Langer v. Planning and Zoning Commission of Town of Westport

Decision Date27 July 1972
Citation313 A.2d 44,163 Conn. 453
CourtConnecticut Supreme Court
PartiesWalter LANGER et al. v. PLANNING AND ZONING COMMISSION OF the TOWN OF WESTPORT et al.

Bourke G. Spellacy, Hartford, with whom, on the brief, were Stuart N. Updike, Hartford, and Thomas G. Dennis, South Windsor, for appellants (plaintiffs).

Edgar T. See, Westport, for appellees (defendant Lester R. Giegerich and others) and Harry H. Hefferan, Jr., Norwalk, for the appellee (named defendant); with them, on the brief, was Jerry Davidoff, Westport, for appellees (defendant Robert T. Cassell and others).

Before HOUSE, C.J., and RYAN, SHAPIRO, LOISELLE and MacDONALD, JJ.

LOISELLE, Associate Justice.

On April 15, 1969, the planning and zoning commission of the town of Westport amended the zoning regulations by creating a restricted professional office district, hereinafter referred to as RPOD. At the same time, the commission designated eleven lots located in the Imperial Avenue area as a RPOD zone. These lots covered about six acres of land and were south of and adjacent to the business and restricted business zone bordering the Boston Post Road. The commission created the zone and designated an area for its application with one hearing, a procedure which is not assigned as error and is not inconsistent with zoning regulations as long as the identity of the two actions remains separate. Sheridan v. Planning Board, 159 Conn. 1, 22, 266 A.2d 396; Norris v. Planning & Zoning Commission, 156 Conn. 592, 596, 244 A.2d 378. The regulations were amended to establish the new zone after a second public hearing, instigated by the commission to remedy the defective notice of a previous hearing on the matter.
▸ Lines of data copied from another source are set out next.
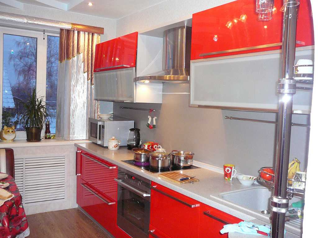 Это довольно смелое решение. Сочетание стали и алого встречается довольно часто, в стиле хай-тек и минимализм. В таком интерьере должны лидировать серые оттенки. Чем меньше помещение, тем меньше красных элементов в ней должно быть . Мебель может в некоторых местах быть с вставками красного или техника с красным корпусом и черной обводкой. Хотя может быть наоборот, когда доминирует красный цвет. Замечательно сочетаются, малиновый, бежевый и теплые серые тона. Красиво смотрится, когда нижняя часть кухонного гарнитура серая, а верхняя красная.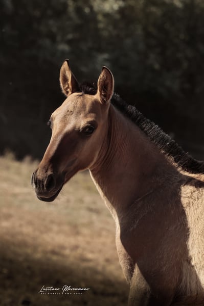 If you are a fan of genuine foal markings with wild patterns—such as eel stripes, zebra markings on the legs, shoulder crosses, and the very rare "cobwebbing" on the forehead—as well as the incredible Lusitano breed, our little Vicente might be just what you're looking for ;) He combines beauty, grace, and a kind, human-oriented character. Both of his parents are registered Lusitanos with the APSL; however, only his mother, Pandora FIC, is approved for breeding. His father, Nairobi FIC, is unlicensed, so Vicente receives the blue book of the "Raças Selectas" as a Cruzado. In the last two photos, you can see his father, Nairobi FIC (grullo/dun). If he is recognized as a stallion by the APSL in the future, Vicente will subsequently receive the APSL blue book, if desired. For more information about our adorable Vicente, please send us a personal message. We breed PSL/Lusitanos ourselves and also offer horses from other breeders here in Portugal. Our current sales horses can be found on Instagram: https://www.instagram.com/lusitanomaremmano?igsh=aTNkaXFma3RlYnJ1 We look forward to hearing from you :)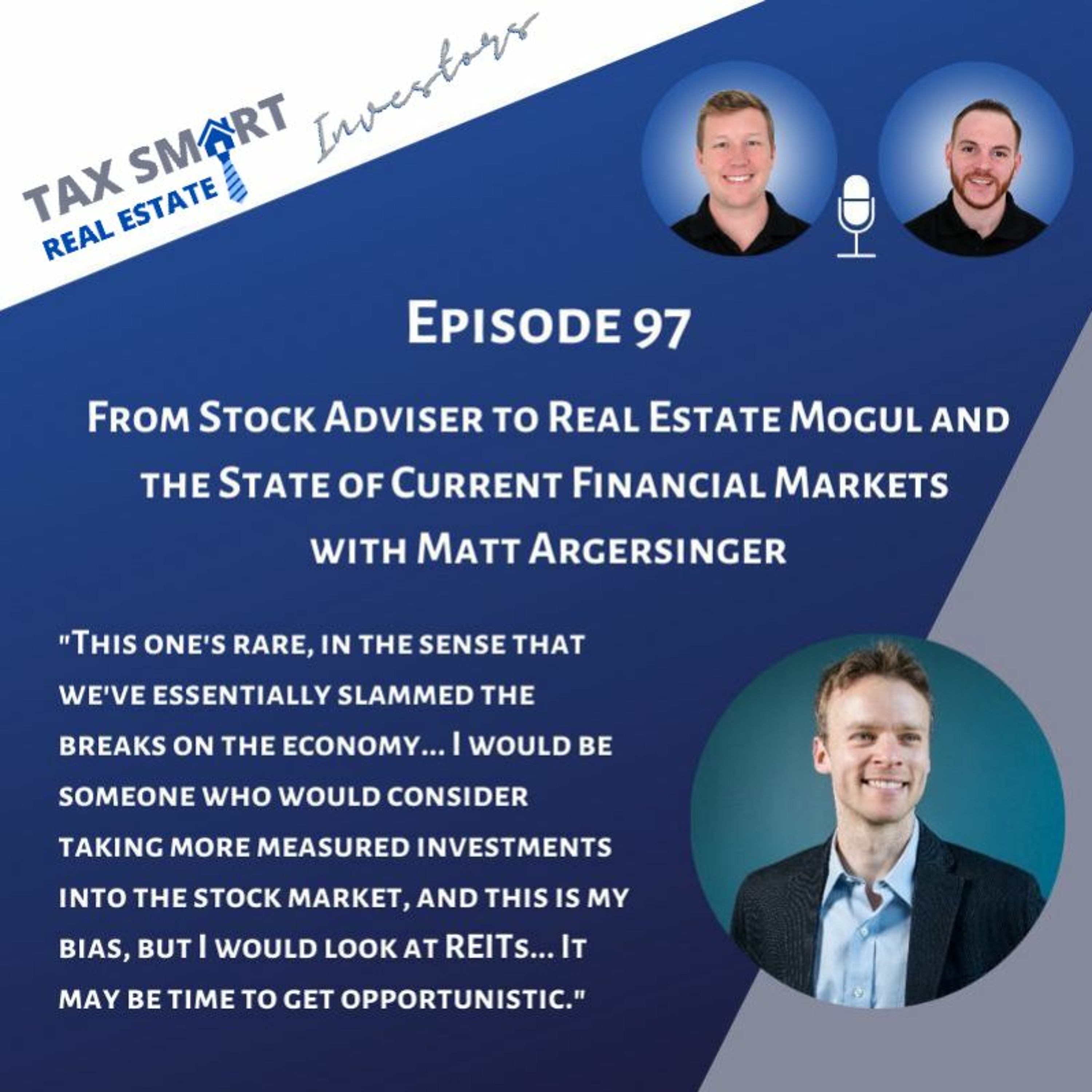 In this episode, we're joined by Matt Argersinger. Matt is a former stock adviser who is now the lead adviser for The Motley Fool's Mogul and Millionacres platform, where he helps members find today's best real estate investment opportunities. We discuss how went from a stock adviser to lead advisor for The Motley Fool real estate program, how he analyzes investment opportunities, portfolio allocation, and his opinion on the current state of the financial markets during this Coronavirus crisis. Learn more about Matt and his work: https://www.fool.com/millionacres/ Join our Facebook group, the one-stop-shop for real estate investors to learn about tax strategy and stay up to date on changing tax laws: www.facebook.com/groups/taxsmartinvestors For an initial consultation from Hall CPA, PLLC visit www.therealestatecpa.com/become-client Subscribe to our YouTube channel: www.youtube.com/c/therealestatecpa The Tax Smart Real Estate Investors podcast is for general information purposes only and is not intended to provide, and should not be relied on for, tax, legal, or accounting advice. Information on the podcast may not constitute the most up-to-date legal or other information. No reader, user, or listener of this podcast should act or refrain from acting on the basis of information on this podcast without first seeking legal and tax advice from counsel in the relevant jurisdiction. Only your individual attorney and tax advisor can provide assurances that the information contained herein – and your interpretation of it – is applicable or appropriate to your particular situation. Use of, and access to, this podcast or any of the links or resources contained or mentioned within the podcast show and show notes do not create a relationship between the reader, user, or listener and podcast hosts, contributors, or guests. Always consult your own tax, legal, and accounting advisors before engaging in any transaction.

There is no attack on the propriety of the second hearing.

The plaintiff Chemical Research and Manufacturers, Inc., as titleholder, and the plaintiff, Walter Langer, in a representative capacity, own approximately twenty-five acres of land which abuts a portion of the newly created zone. They are aggrieved parties within the meaning of General Statutes §§ 8-9 and 8-8. Their appeal from the action of the commission to the Court of Common Pleas was dismissed and they have appealed from that judgment.
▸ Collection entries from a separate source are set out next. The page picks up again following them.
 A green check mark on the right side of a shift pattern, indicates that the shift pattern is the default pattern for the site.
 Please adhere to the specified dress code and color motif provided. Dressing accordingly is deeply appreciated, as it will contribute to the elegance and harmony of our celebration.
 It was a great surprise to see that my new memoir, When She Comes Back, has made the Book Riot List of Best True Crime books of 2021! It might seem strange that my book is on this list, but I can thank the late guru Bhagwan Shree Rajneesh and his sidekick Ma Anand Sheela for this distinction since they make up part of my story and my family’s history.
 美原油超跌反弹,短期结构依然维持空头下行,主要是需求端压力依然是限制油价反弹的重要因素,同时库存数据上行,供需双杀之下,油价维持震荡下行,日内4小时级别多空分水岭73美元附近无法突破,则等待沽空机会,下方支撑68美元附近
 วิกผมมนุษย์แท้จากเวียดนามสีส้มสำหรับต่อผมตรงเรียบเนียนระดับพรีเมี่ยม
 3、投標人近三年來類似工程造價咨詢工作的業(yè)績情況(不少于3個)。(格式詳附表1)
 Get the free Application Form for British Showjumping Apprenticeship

In establishing the RPOD, the planning and zoning commission indicated in the 'Purpose' of the regulation that it considered the desirability of establishing a zonal classification 'which would afford a reasonable and desirable transition between established business districts and residential areas. Large homes in older residential areas in the proximity of business districts tend to become economically depressed as the demand for other types and locations of single-family homes increases. The character of such areas is more residential than commercial and from other standpoints, this situation cannot lead to the wholesale conversion of these areas to commercial zones. Consequently, a transitional type of zone is required to conserve the value of such property while preserving the character of such areas from the standpoint of intensity of use and physical appearance. The Residential Professional Office District provides for such a transition.' The new regulations provide for limitations on use, setback, height, minimum floor area, ground coverage, parking, architectural design, site plan, signs, changes of use, expansion and reconstruction of buildings.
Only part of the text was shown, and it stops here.